Aim of the exercise:
Among the records below, find each line that includes the string "Joseph" and copy it.

---------- Data provided

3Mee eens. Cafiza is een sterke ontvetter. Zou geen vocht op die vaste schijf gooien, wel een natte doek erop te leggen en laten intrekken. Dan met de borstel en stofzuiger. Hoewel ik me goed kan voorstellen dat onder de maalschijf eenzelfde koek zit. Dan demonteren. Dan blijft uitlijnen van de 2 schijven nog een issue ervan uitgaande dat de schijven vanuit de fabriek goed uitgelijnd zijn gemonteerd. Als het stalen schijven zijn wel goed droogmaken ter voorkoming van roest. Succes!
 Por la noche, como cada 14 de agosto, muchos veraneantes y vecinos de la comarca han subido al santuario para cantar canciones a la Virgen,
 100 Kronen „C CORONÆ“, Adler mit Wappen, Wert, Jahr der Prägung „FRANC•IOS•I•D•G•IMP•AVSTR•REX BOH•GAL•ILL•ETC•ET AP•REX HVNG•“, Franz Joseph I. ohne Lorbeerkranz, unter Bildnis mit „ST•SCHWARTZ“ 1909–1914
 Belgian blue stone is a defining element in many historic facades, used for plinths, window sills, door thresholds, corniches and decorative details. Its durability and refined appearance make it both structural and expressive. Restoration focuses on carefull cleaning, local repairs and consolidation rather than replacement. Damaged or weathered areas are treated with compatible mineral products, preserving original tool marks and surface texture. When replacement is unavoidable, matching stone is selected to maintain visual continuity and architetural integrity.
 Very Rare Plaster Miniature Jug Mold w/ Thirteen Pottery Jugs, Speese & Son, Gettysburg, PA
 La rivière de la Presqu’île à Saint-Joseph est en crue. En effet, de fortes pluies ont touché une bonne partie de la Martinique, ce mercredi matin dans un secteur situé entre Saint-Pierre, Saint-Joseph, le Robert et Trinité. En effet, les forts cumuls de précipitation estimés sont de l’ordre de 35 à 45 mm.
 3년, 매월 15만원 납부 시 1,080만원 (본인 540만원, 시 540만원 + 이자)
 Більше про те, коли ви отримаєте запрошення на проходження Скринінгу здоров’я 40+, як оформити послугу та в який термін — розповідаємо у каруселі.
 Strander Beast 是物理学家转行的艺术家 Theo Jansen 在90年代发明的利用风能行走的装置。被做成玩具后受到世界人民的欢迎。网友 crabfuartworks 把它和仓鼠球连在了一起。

--------------------

Completed exercise:
 100 Kronen „C CORONÆ“, Adler mit Wappen, Wert, Jahr der Prägung „FRANC•IOS•I•D•G•IMP•AVSTR•REX BOH•GAL•ILL•ETC•ET AP•REX HVNG•“, Franz Joseph I. ohne Lorbeerkranz, unter Bildnis mit „ST•SCHWARTZ“ 1909–1914
 La rivière de la Presqu’île à Saint-Joseph est en crue. En effet, de fortes pluies ont touché une bonne partie de la Martinique, ce mercredi matin dans un secteur situé entre Saint-Pierre, Saint-Joseph, le Robert et Trinité. En effet, les forts cumuls de précipitation estimés sont de l’ordre de 35 à 45 mm.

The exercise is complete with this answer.